Who
says there's only one kind of occasion that merits the formal invitations, the
gorgeous dress, the carefully curated feast? Kate Bolick had celebrated plenty
of friends at their weddings. As a landmark birthday approached, she decided it
was time to throw an extravaganza of her own.
When he was 65, the celebrated New Yorker humorist James Thurber
quipped to an interviewer that if there were 15 months in every year he’d only
be 48. His math was a little off—he’d have been 52—but his point holds: “That’s
the trouble with us. We number everything,” Thurber said. “Take women, for
example. I think they deserve to have more than 12 years between the ages of 28
and 40.” I agree—there is no other chapter of my life that felt so fertile (no
pun intended) and distinct, and as it came to a close I rued the cruelty of its
expiration date.
My friend Alexandra felt the same way, so when we turned 38 (in the same
week of July) she suggested that instead of each facing the dreaded 4-0 alone,
we celebrate it together. I asked her to please not mention that number again
until we were at least 39. Thirty-seven had not gone the way I’d wanted, and I
already loved 38 for how it allowed me to cling to the vaguely nubile thirtysomething,
even if my father kept calling up to say, “How’s my middle-aged daughter
today?” and then erupting into loud guffaws.Thirty-eight turned out to be only so-so, but 39 started out pretty great, so by the time Alexandra and I began brainstorming ideas last year I was ready to openly acknowledge arriving at 40 instead of just slink across the threshold and hope nobody would notice. We both live in Brooklyn, but we have the sort of e-mail correspondence that’s its own alternate reality: There is actual life, and then there is everything we think and feel about it, which we zing back and forth in a ceaseless stream of uncensored, diaryesque messages, and I blame this lawless environment for how quickly our ambitions morphed from a dinner party at her place to a week on the coast of Massachusetts, culminating in a clambake by the sea.

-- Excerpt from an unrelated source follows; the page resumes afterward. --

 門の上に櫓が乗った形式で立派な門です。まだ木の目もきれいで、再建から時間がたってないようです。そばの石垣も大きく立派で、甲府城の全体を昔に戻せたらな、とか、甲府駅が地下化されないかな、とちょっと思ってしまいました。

“Think Martha Stewart goes Grey Gardens,” I told the prop stylist, because yes, we hired one. Tables were rented. A tent considered. A menu fastidiously planned. A save the date was sent to 40 (get it?) of our closest family and mutual friends. We started referring to the event as our Platonic Lesbian Birthday Wedding. Alexandra’s actual husband expressed frank concern that we were going overboard, but we were like those prank cake candles that reignite as soon as they’re blown out.

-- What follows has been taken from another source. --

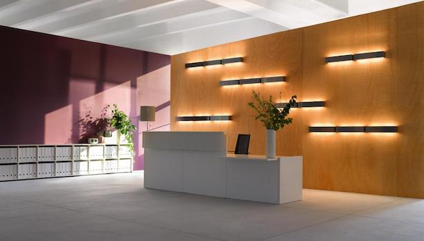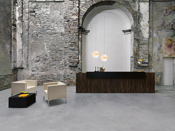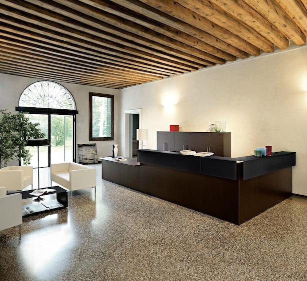 The reception is the first ambient expressing the personality and the image of a company: with its strict minimalism, Factory communicates an atmosphere of fine functionality. Clean lines, large surfaces and volumes of different heights, greet visitors and meet all the needs of the operators. Prestigious in real Wenge, Ebony and Walnut, pleasantly essential in white, warm and sunny in walnut, light and dark oak, Factory can be customized with unique hanging lamps or integrated into the desk.

For me, this party actually was a bit like a wedding—it was the first time I’d asked my family and friends to take considerable trouble to gather together on my behalf, not to mention spend their money to get there. (My friend Gary even stealthily conscripted everyone into writing 40-word toasts.) Initially I had to convince myself that making such a request was appropriate. It helped when my best friend, Erika, a new mother and college professor, did everything she could to rejuggle teaching and child care to fly out from New Mexico. I’d been her maid of honor, and the seriousness with which she took my invitation was her way of saying that my big event was just as legitimate as hers had been.
Admittedly, this in turn sparked a new concern—what if I did want a wedding someday? Would everyone be willing to make the effort all over again? Did I get points for sparing them the added expenditures of a bridal shower, bachelorette party, reception dinner, day-after brunch, and a gift, plus the bonus of knowing that, unlike nearly half of the weddings they go to, this celebration wouldn’t end in divorce? If there was one thing I could assure my guests, it was that I’d be around until I was dead.

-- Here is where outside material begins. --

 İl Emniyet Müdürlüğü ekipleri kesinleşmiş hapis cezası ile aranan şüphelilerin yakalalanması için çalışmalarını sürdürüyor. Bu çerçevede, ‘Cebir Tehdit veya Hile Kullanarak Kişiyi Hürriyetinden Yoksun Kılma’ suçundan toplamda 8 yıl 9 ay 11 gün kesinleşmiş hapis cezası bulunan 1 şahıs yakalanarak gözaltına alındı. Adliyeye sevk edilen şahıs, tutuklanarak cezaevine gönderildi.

So it’s only natural that for my big day I would totally freak out about The Dress. It would be a dress, of course, and not just any dress but my feelings about the event incarnate, which I could see in my mind’s eye with astonishing precision: a loose and breezy 1970s-esque floor-length tomato-red gown with a halter neck, a PG-13 version of a slinky nightgown I remembered my mother having when I was little. It would be casual enough for cracking open lobster shells and chasing my nieces on the lawn, while still exuding a bold-yet-understated singularity befitting a woman of 40.